Fino a quando “non ci sono alternative”?

“Fra i possibili temi del 2021, avevamo indicato il processo di normalizzazione dei tassi negli Stati Uniti. Oggi, a distanza di sole tre settimane, il trend appare ancora pienamente in atto, in particolare a seguito dell’ac­celerazione indotta da un’onda blu democratica ‘a scoppio ritardato’. Infatti, con la nuova maggioranza in Senato a dare ulteriore forza alla nuova Ammini­strazione, aumentano le possibilità che le politiche americane siano fortemente improntate alla spesa pubblica e, almeno nella prima fase, a un forte aumento del deficit, ovvero dell’offerta stessa di Treasury. Il riflesso condizionato dei mercati è stato quindi quello prevedibile, con il decennale arrivato all’1,15%. Questo movimento ha in ogni caso conse­guenze non limitate all’obbligazionario: per dirla con un vecchio adagio del settore, ‘le valutazioni di tutte le asset class dipendono dal decennale americano’”. Lo afferma Antonio Anniballe, gestore del team Multi Asset Italia di Gam (Italia) Sgr. Di seguito la sua analisi.
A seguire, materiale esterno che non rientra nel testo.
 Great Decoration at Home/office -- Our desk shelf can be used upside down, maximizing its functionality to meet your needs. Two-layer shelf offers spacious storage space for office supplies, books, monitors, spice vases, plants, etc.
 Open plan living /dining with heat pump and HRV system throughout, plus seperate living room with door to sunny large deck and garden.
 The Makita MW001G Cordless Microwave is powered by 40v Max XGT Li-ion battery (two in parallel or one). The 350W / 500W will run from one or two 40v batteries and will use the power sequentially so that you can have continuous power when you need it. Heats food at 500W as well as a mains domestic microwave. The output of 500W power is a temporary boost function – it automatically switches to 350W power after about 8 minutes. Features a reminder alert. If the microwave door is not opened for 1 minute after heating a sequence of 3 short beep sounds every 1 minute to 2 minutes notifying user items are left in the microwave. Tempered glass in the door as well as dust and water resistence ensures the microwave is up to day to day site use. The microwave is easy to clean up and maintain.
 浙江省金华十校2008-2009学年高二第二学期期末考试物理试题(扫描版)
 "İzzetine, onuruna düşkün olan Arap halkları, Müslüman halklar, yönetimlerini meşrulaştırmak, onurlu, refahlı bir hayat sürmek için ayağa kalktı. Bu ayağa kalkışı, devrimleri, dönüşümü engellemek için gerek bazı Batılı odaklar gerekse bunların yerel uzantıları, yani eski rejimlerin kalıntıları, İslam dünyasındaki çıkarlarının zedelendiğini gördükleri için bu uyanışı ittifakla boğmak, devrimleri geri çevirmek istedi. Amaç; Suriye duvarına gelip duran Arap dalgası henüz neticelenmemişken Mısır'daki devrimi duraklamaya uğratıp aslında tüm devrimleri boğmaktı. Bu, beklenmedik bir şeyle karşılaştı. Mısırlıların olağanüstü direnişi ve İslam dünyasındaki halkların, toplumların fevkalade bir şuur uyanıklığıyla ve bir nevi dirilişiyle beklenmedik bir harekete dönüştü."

Un punto riguarda ad esempio i mercati azionari. Nel 2020 è tornato prepotentemente di moda il concet­to di “premio al rischio”: il celebre acronimo TINA (There Is No Alternative) ha dato sostanza teorica a valutazioni azionarie approdate ai livelli più elevati degli ultimi vent’anni. “Non c’è alternativa all’azio­nario”, con rendimenti obbligazionari pari a zero (o negativi!). A questo punto, ascesa delle scadenze lunghe americane e concomitante rally azionario hanno invece riportato il premio al rischio azionario ai minimi da fine 2018. Risulta naturale quindi porsi un nuovo quesito: qual è il livello dei Treasury che danneggia i mercati azionari?
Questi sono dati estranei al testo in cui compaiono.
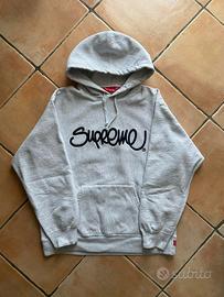 Vendo felpa con cappuccio Raised Script grigio avena Supreme originale usata ma in ottimo stato, ampiezza spalle 52, lunghezza (misura dalla parte superiore della scollatura senza cappuccio fino all'orlo inferiore) 69.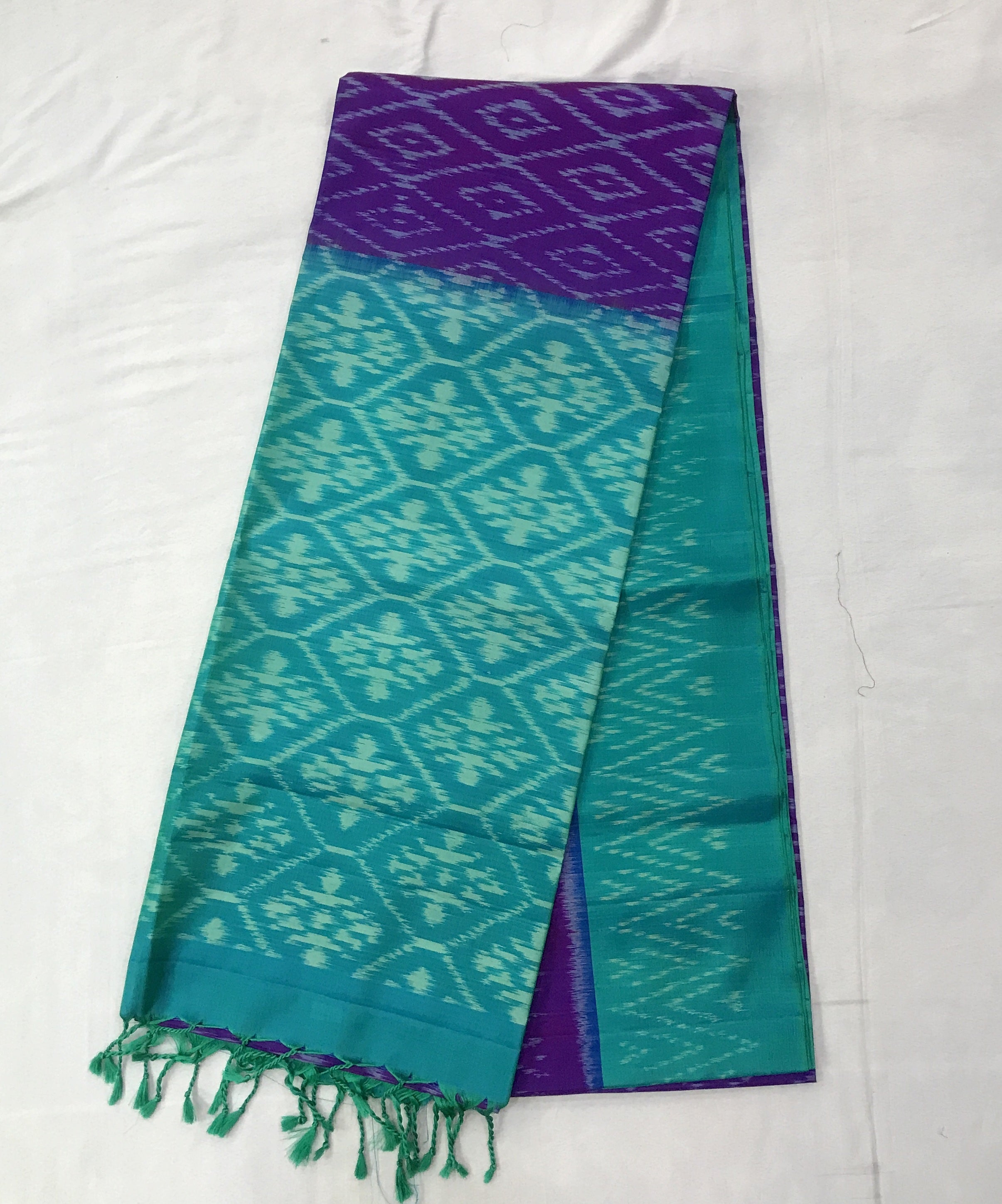 Make a graceful statement with this stunning soft silk saree in a beautiful purple and rama green combination. The saree is adorned with shimmering ikkat patterns all over the body, giving it a rich and sophisticated appeal. The intricate weaving enhances its traditional charm while maintaining a stylish, contemporary look. The striking contrast border adds depth and elegance, making it perfect for festive occasions, celebrations, and special gatherings. The vibrant green pallu complements the body beautifully, creating a captivating visual contrast.
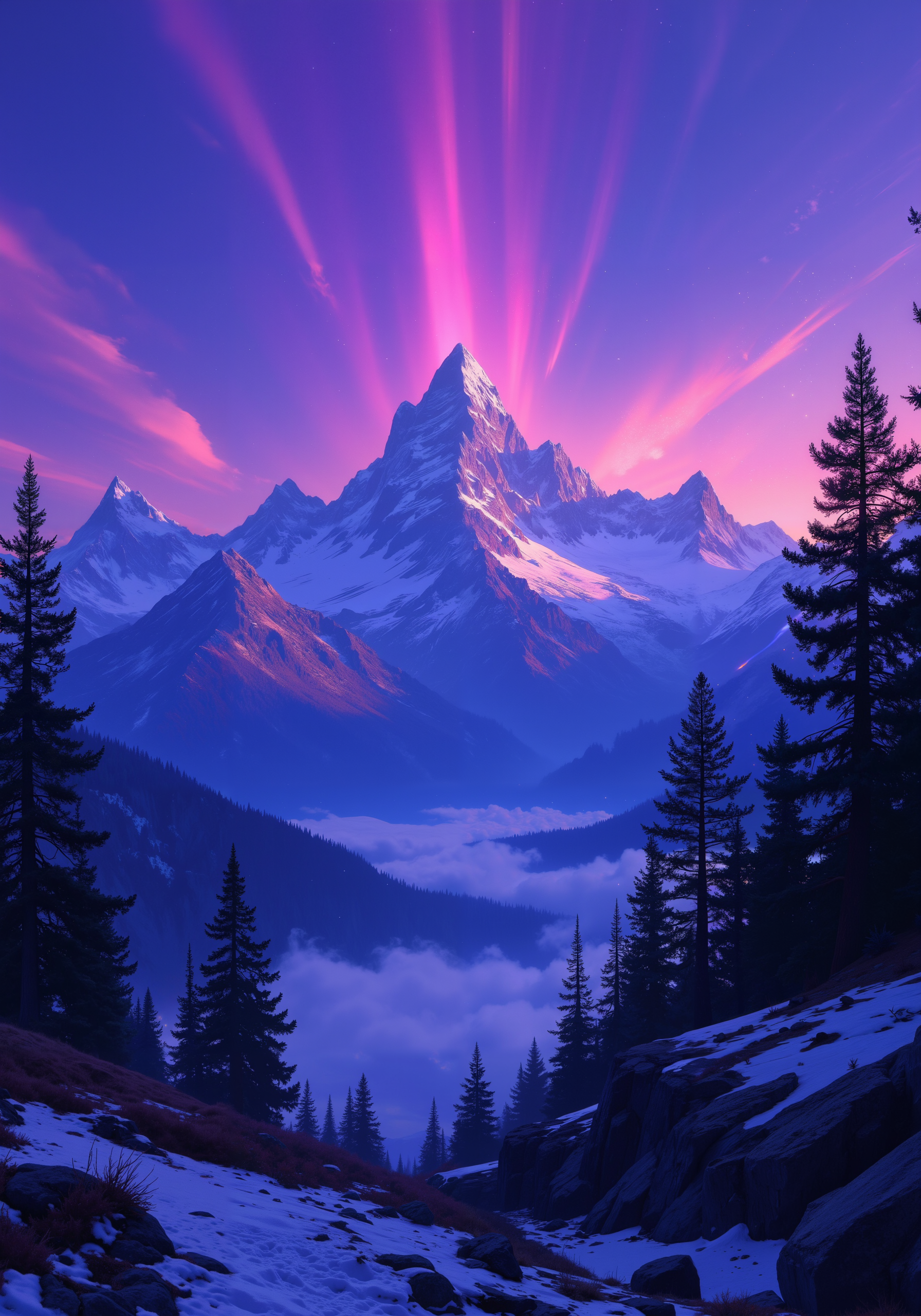 Majestic alpine range, expansive mountain terrain bathed in ethereal twilight radiance. Low-angle perspective reveals intricate textures of rugged rock faces, delicate snow patches, and drifting mists. Vibrant aurora streaks illuminate cascading peaks, enveloping ancient pine silhouettes in shimmering purple and orange hues. Hyper-detailed 8K masterpiece, atmospheric interplay of subtle shadows and luminous gradients. Sweeping panoramic view, dynamic composition capturing cosmic wonder and timeless serenity. <lora:Rainbow_on_black_style-000003:0.1> <lora:NeonFantasyPrimeFLUX-000049:0.5> <lora:artisketchyfs-v02:0.3> <lora:Bonafida.Studio:0.1> <lora:flux_dev:1>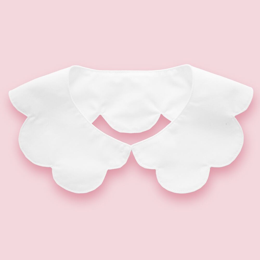 甘いスカラップフリルを施したホワイトのフラットカラーです。

La risposta più plausibile non è in un singolo numero, ma nella forma che prenderà il processo. La chiave, per evitare di far deragliare il rally aziona­rio, è duplice. Innanzitutto la risalita dei tassi deve essere graduale: fiammate improvvise potrebbero creare i presupposti per una correzione azionaria; in secondo luogo, è bene che i tassi reali, ovvero i rendimenti depurati dall’inflazione, rimangano ancorati ai nominali e, possibilmente, negativi. In fondo, questo duplice obiettivo è quello perseguito dalla stessa Fed. Stando alle ultime dichiarazioni di vari esponenti della banca centrale (Bostic su tutti), in una certa misura il processo di normalizzazione delle scadenze lunghe in atto è considerato salutare. È però chiaro che un’accelerazione incontrollata del movimento non è nei desideri di nessuno e potrebbe indurre a interventi, quanto meno verbali.

Se gli eccessi di mercato potrebbero essere smus­sati dalle autorità monetarie, rimane il fatto che, ai livelli attuali di premio al rischio, i mercati sono mag­giormente vulnerabili rispetto a improvvise notizie ne­gative. Tali livelli sono il risultato delle recenti notizie positive (vaccini, accordo Brexit, nuova Amministra­zione Usa). Informazioni di segno contrario (disor­dini nell’insediamento di Biden? Lenta distribuzione vaccini?) potrebbero indurre i mercati a prezzare diversamente i rischi e, in altri termini, favorire un movimento correttivo.